Goal of the exercise —
Below is a listing; print exactly its lines from the one containing "Река имеет правый" down to the one containing "1. On the Schedule", both inclusive, with every picture left out.

+ + + +

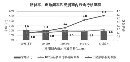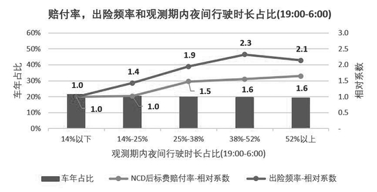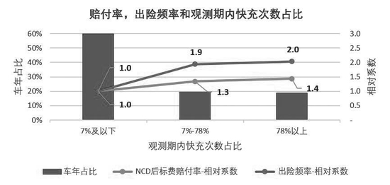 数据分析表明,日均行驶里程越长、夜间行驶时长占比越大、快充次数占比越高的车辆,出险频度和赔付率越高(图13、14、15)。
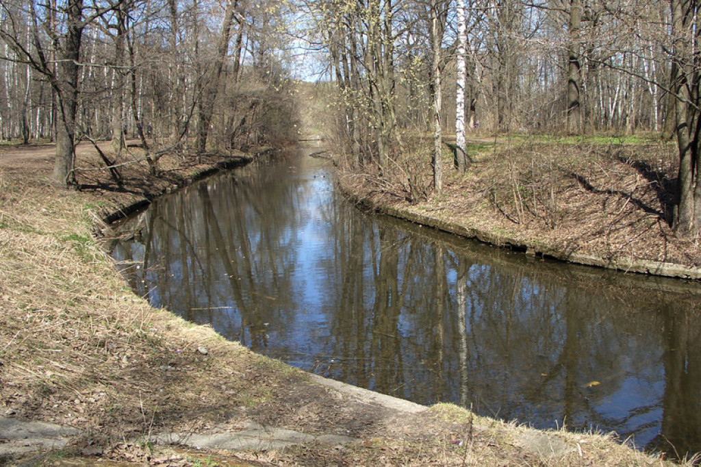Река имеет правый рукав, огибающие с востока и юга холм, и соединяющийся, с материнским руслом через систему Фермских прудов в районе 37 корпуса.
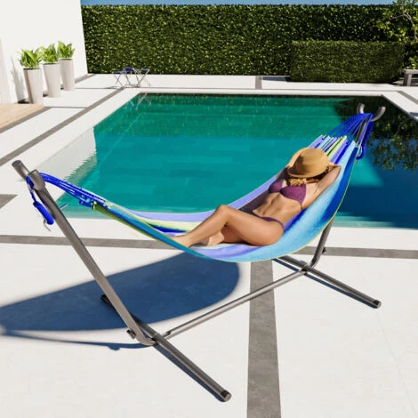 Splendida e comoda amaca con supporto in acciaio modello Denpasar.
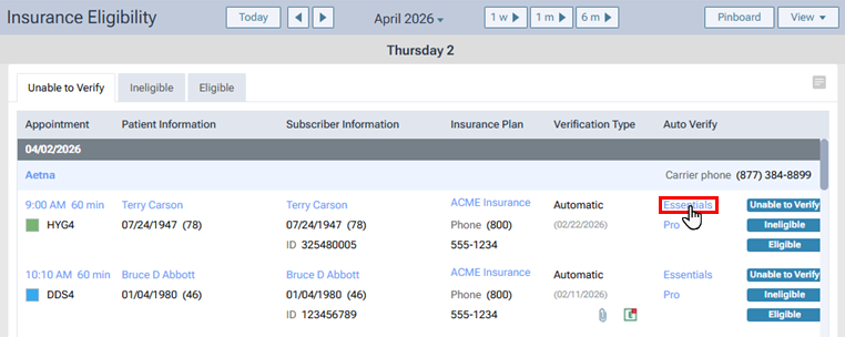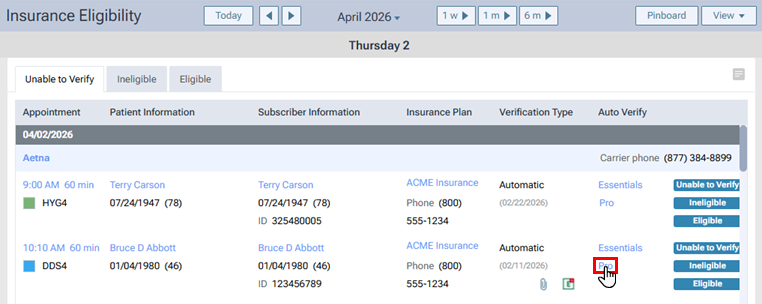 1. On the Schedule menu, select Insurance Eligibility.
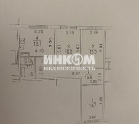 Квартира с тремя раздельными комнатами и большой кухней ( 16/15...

+ + + +

Finished exercise —
Река имеет правый рукав, огибающие с востока и юга холм, и соединяющийся, с материнским руслом через систему Фермских прудов в районе 37 корпуса.
 Splendida e comoda amaca con supporto in acciaio modello Denpasar.
 1. On the Schedule menu, select Insurance Eligibility.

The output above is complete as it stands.